Fairy tale by Charles Perrault

Diamonds and Toads or Toads and Diamonds is a French fairy tale by Charles Perrault, and titled by him "Les Fées" or "The Fairies". Andrew Lang included it in The Blue Fairy Book. It was illustrated by Laura Valentine in Aunt Louisa's nursery favourite.

In his source, as in Mother Hulda, the kind girl was the stepdaughter, not the other daughter. The change was apparently to decrease the similarity to Cinderella.

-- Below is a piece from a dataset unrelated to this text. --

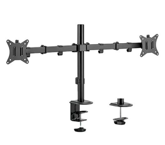 Optimiza tu espacio de trabajo con el Brazo Soporte Ergonómico para 2 Monitores compatible con pantallas de 17” a 32” bajo estándar VESA. Fabricado con materiales de alta resistencia, garantiza estabilidad y seguridad para tus dispositivos. Su diseño fijo asegura una posición estable, reduciendo vibraciones y mejorando la ergonomía visual. Incorpora un práctico sistema clip para gestión de cables, manteniendo tu escritorio ordenado y libre de enredos. Soporta monitores de hasta 8 kg cada uno, permitiendo ajustar la inclinación y orientación para mayor comodidad. Ideal para oficinas, gamers y diseñadores que buscan productividad y confort. Compatible con VESA 75x75 mm y 100x100 mm, ofreciendo fácil instalación y ajuste. Mejora tu postura y aprovecha al máximo tu área de trabajo con este soporte doble ergonómico.

It is Aarne-Thompson tale 480, the kind and the unkind girls. Others of this type include Shita-kiri Suzume, Frau Holle or Mrs.Holle, The Three Heads in the Well, Father Frost, The Three Little Men in the Wood, The Enchanted Wreath, The Old Witch, and The Two Caskets. Literary variants include The Three Fairies and Aurore and Aimée.

==Summary==
A bad-tempered widow has two daughters; her older daughter is disagreeable and proud, but looks and behaves like her mother, and is therefore her favorite child; her younger daughter is sweet, courteous, and beautiful, but resembles her late father. Jealous and bitter, the widow and her favourite daughter abuse and mistreat the younger girl.

One day while drawing water from the well, an old woman asks the younger girl for a drink of water. The girl politely consents and after giving it, she finds that the woman is a fairy, who had disguised herself as a crone to test the character of mortals. As the girl is so kind and compassionate toward her, the fairy blesses her with a jewel or flower falling from her mouth whenever she speaks.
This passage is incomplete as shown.